Not that I've been able to maintain a sense of style too much. Whilst I believe that it is wonderful that university education is essentially, free here, the system does not fail so much on that point as it does letting (for all intents and purposes) everyone who has their bac in. The result? Not only scores of students unwilling to do sweet FA at uni but too many of us for the administration to be able to deal with. * The result at face value is quite often, having to sit in a lecture, on the floor. Sometimes, there's no floor space left. Fast forward ten weeks to the exam period and there are no seats to sit in for an exam. There is not only no seat available for 50% of the students but during the exam, two of the inviligators tie up another with sellotape.

From the sublime to the ridiculous.


*I'm not advocating that any other university entrance system is any better, but there has to be a compromise somewhere.
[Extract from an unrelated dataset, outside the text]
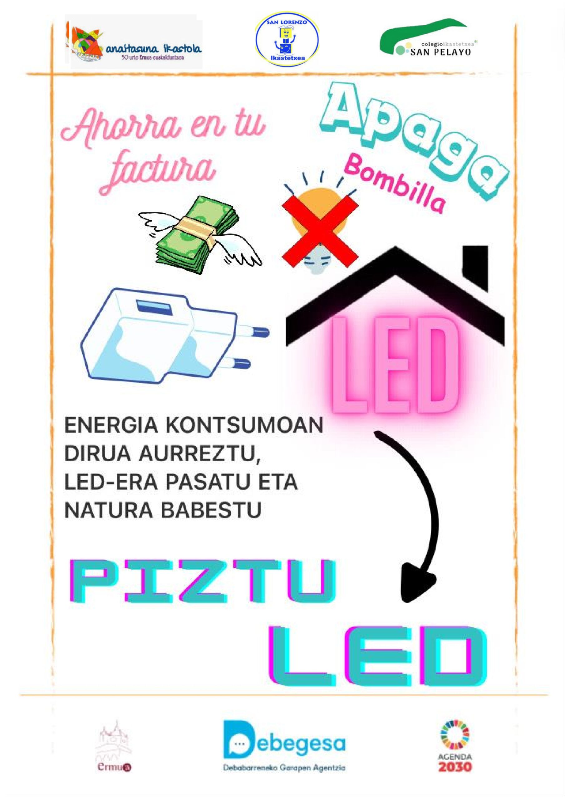 El cartel que se ha diseñado en nuestro centro es el siguiente y animamos a nuestras familias a cambiar las bombillas por luces LED.

I have been living in Paris for 5 months now and so far, university has taken up approximately 99.9% of my time. Through 25 hours a week of classes, constant essays and spending more time in the library than in my little Left Bank flat I have forgotten how to live. Today was my first day off since September. By day off, I mean nothing to do: no classes to go to, no assignments to complete, no reading to be done, no studying to stress over. We are in between semesters here, and yesterday was the final of the six exams I've done over three weeks. On Tuesday lectures start for the second semester and by next week, I'll be well into the rat race of classes, essays and the library. I haven't written all this down mainly because I haven't had the time but also because then, it didn't seem worthy of being put into words. Today I slept for 12 hours, got up and tidied my poor flat, neglected since I moved into it in November. And afterwards, once the notes were put away, ready for a reairing no doubt in September, when I have to re-sit, I didn't know what to do with myself. The plan of action tomorrow is to read the paper at the Café de Flore and walk for a little while, probably ending up at WHSmith on the corner of the rue de Rivoli and rue Cambon to take my fill of terrible magazines and books in English, which, most important of all, do not contain an index. I think I owe it to myself. But first of all, I will write down what the past few months have been like to try to give them some semblance.